Data excerpts>
=== Begin Enclosure ===

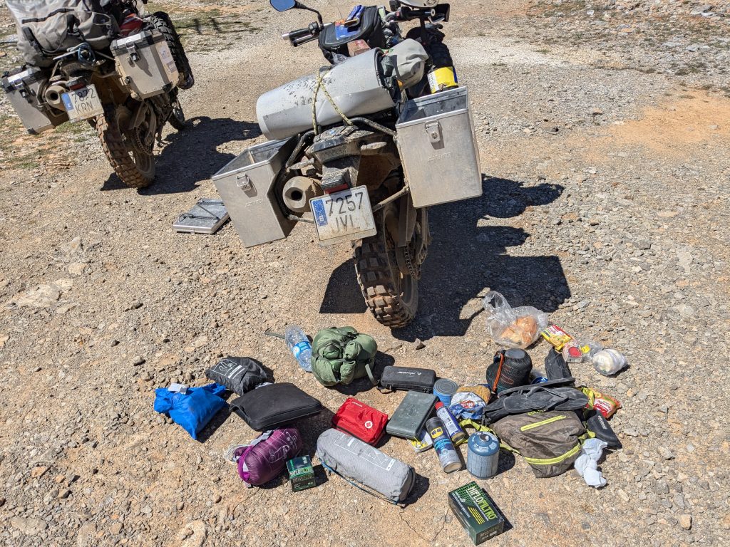Pastillas de freno, filtros de aire y aceite, un litro de aceite de motor, retenes de horquilla delantera, rodamientos de ruedas y dirección, y un kit de transmisión. Nos planteamos llevar un juego de discos de embrague, pero nos parece poco probable que nos haga falta. Y, muy importante: cada uno llevamos un neumático trasero extra, colgado en las barras protectoras del carenado. (Nos hará falta, seguro; lo que no sabemos es dónde necesitaremos montarlo).
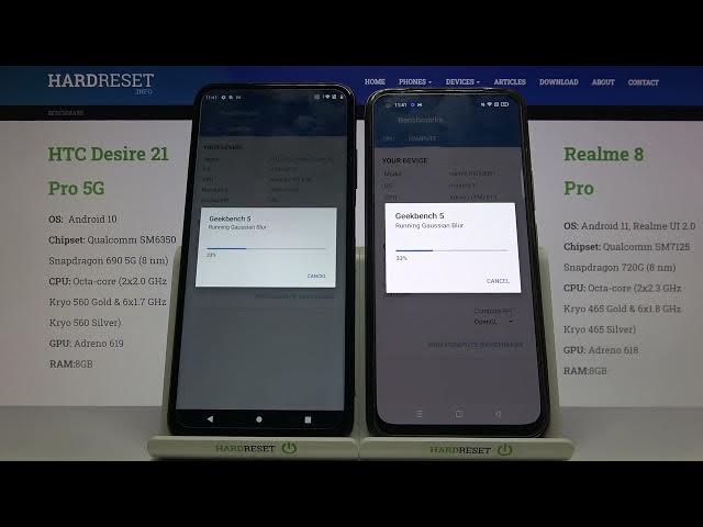 Hi there! Have you ever been wondering if HTC Desire 21 Pro or Realme 8 Pro has a better GPU performance? If you've been, then you should check out our new video! In today's video we're going to run some top mobile GPU performance benchmark test program Geekbench OpenCl on HTC Desire 21 Pro and Realme 8 Pro in order to compare their performance capacities. This video might be useful in case if you've been thinking about buying yourself a new HTC Desire 21 Pro or Realme 8 Pro, but can't decide which one has a better performance possibilities. So in a case like that, all you need to do is just watch this short video to the end, and decide for yourself if HTC Desire 21 Pro or Realme 8 Pro fits you best. If you find this tutorial useful, don’t forget to hit that like button, leave a comment and subscribe to our channel. Thanks for watching our video!
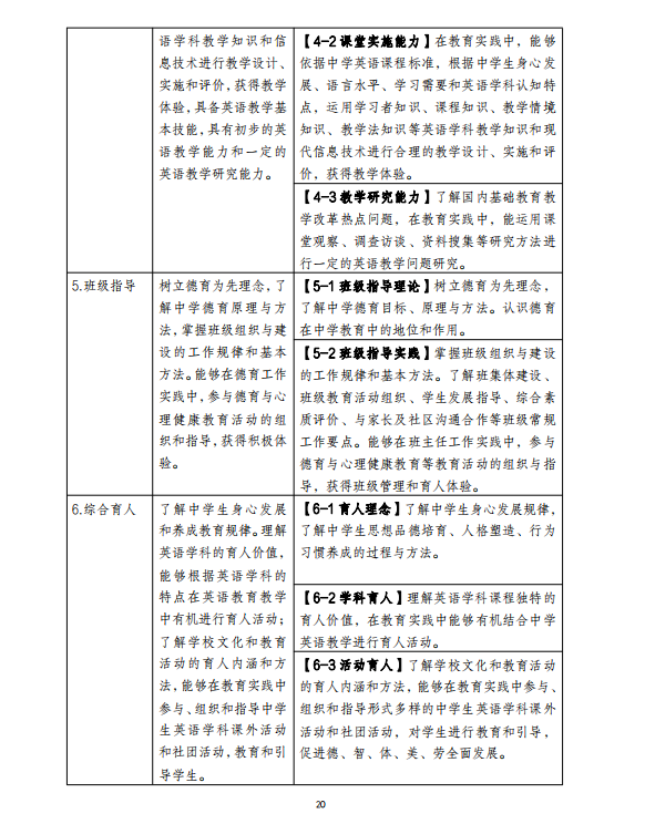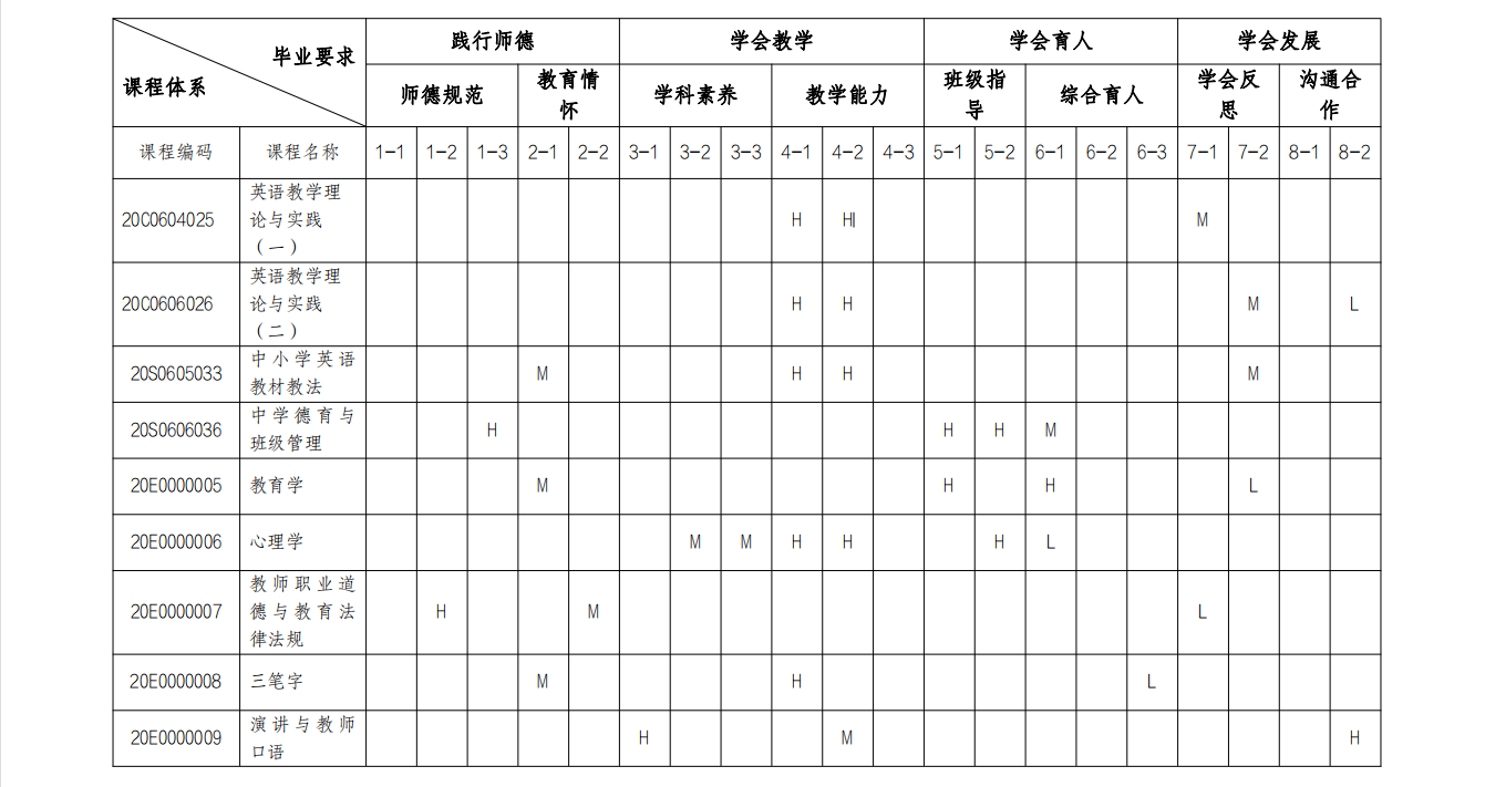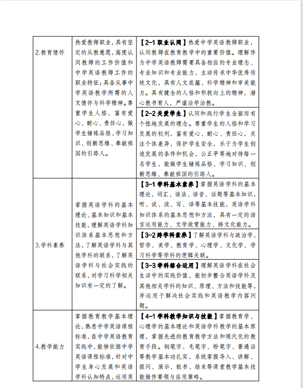 掌握英语学科发展和中学英语课程改革发展动态,能在自身专业发展 和中学英语教育教学实践中不断反思,改进教学,养成终身学习的习惯。 具有良好的团队合作精神和沟通协调能力,具备成长为中学英语教育卓越 教师的素养。
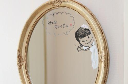 会場は1組で貸切れるので鏡にまでメッセージを!ゲストへのサプライズになりました
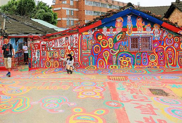 短短一段150公尺長的巷道,從屋簷、圍牆、路面到郵筒,黃老先生畫出了五顏六色的線條與圖案,這些圖案充滿童趣與喜感,洋溢著年輕歡樂的氣氛!
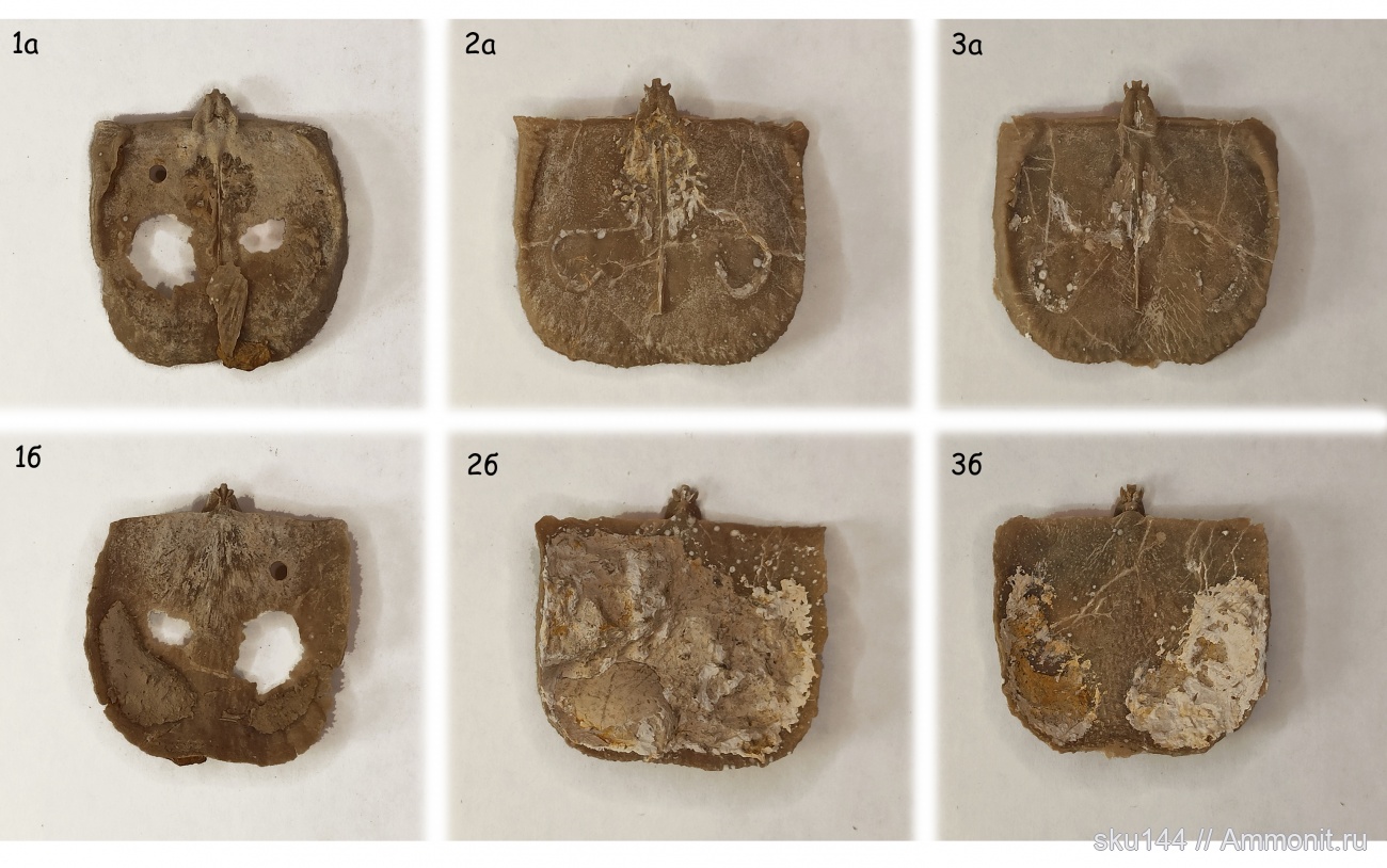 Редкие находки целых спинных створок продуктид с сохранившимся замочным отростком. Под буквами "а" - внутренняя сторона, "б" - внешняя. На внутренней стороне видны следы прикрепления мускулов. Препарация естественная - как дед завещал, никакой химии. Размеры - как раз впритык в спичечный коробок влезают.
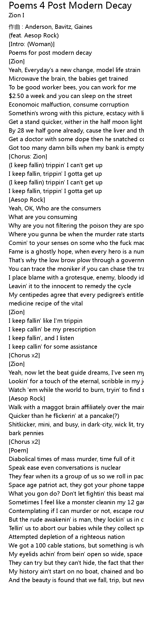 | Song | Poems 4 Post Modern Decay |
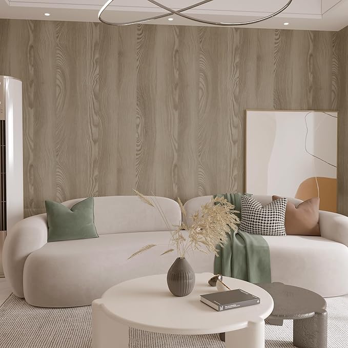- Self- Adhesive and Removable: Easy to install, homeowner and renter friendly light grey wood wall paper . A quick solution to upgrade old furniture wood oak roll wallpaper is prepasted no need extra glue. Can be removed easily without residue left. wood grain peel and stick wallpaper can be applied to most flat and dry surfaces
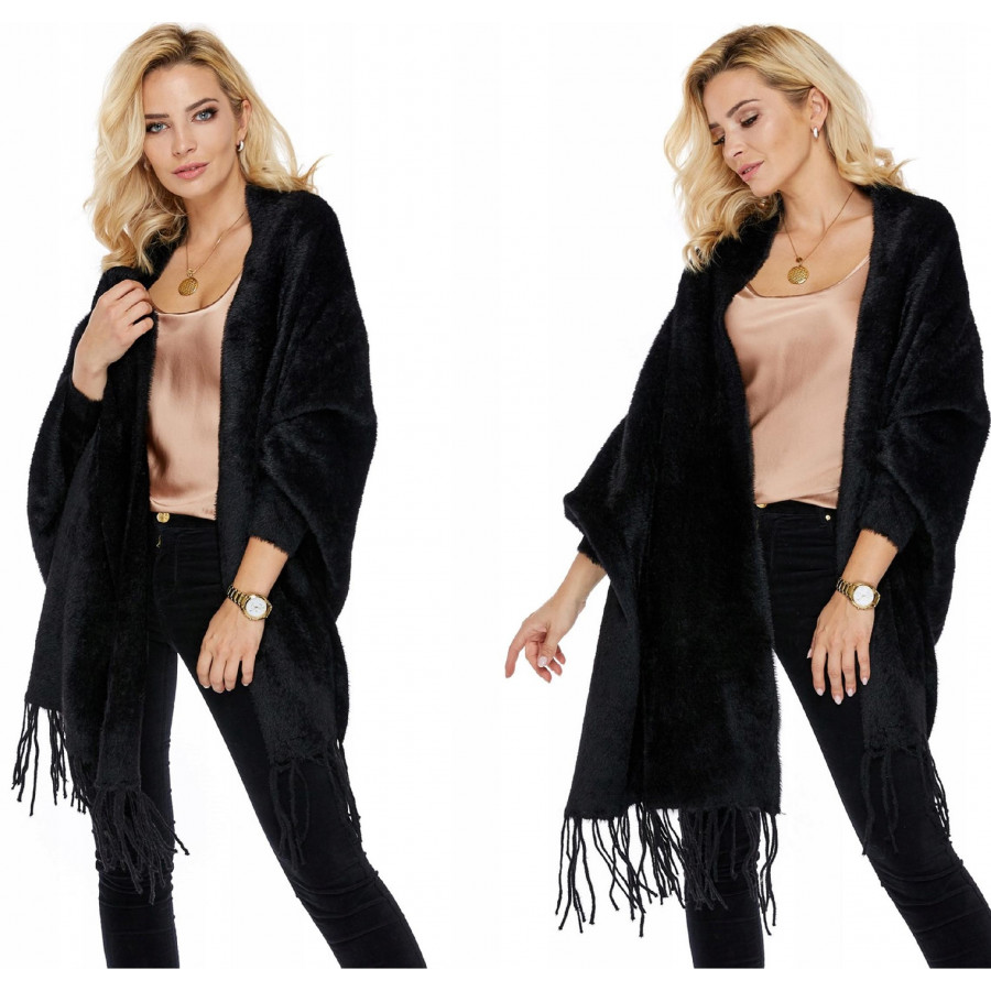 Model charakteryzuje się luźnym krojem, przód dłuższy, puszczony luźno w formie szala.
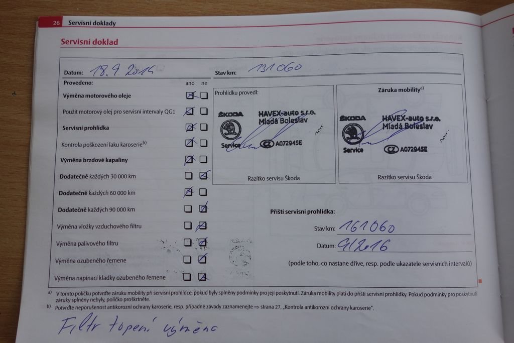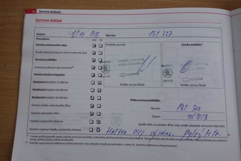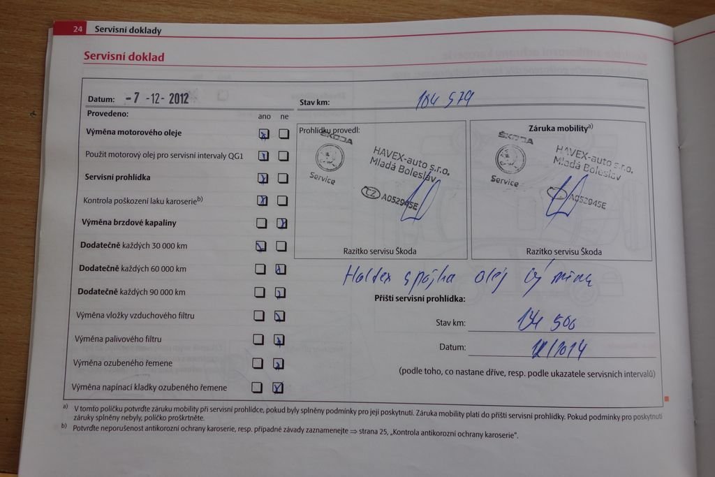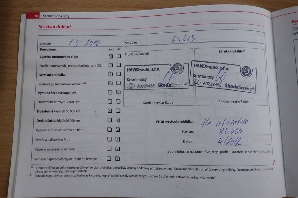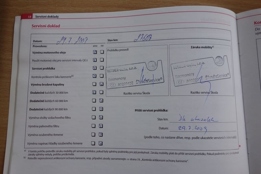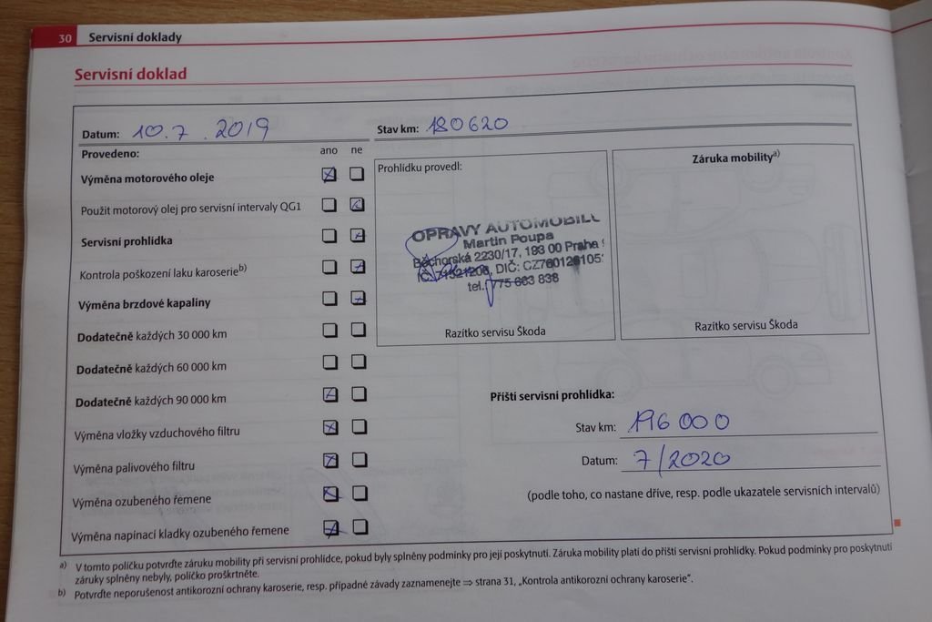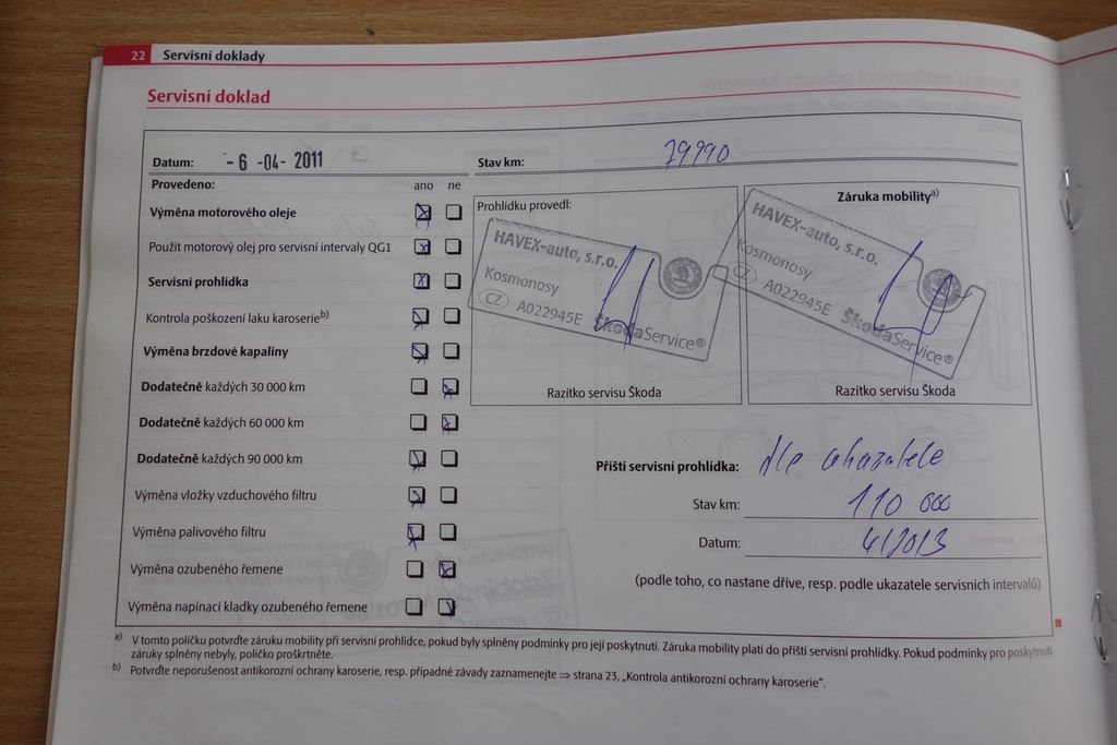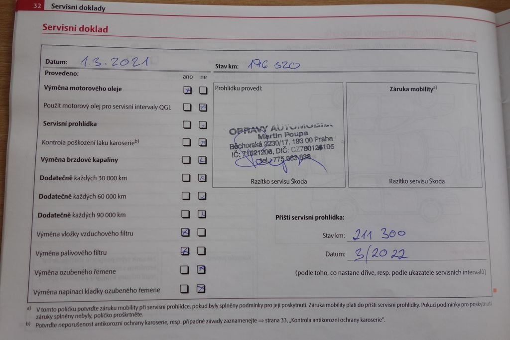 • Servisní knížka

=== End Enclosure ===

EXERCISE OBJECTIVE> After locating the line containing "- Self- Adhesive" in the entries above, repeat only it and each later line through the end, exactly, without any pictures.

EXERCISE RESULT>
- Self- Adhesive and Removable: Easy to install, homeowner and renter friendly light grey wood wall paper . A quick solution to upgrade old furniture wood oak roll wallpaper is prepasted no need extra glue. Can be removed easily without residue left. wood grain peel and stick wallpaper can be applied to most flat and dry surfaces
 Model charakteryzuje się luźnym krojem, przód dłuższy, puszczony luźno w formie szala.
 • Servisní knížka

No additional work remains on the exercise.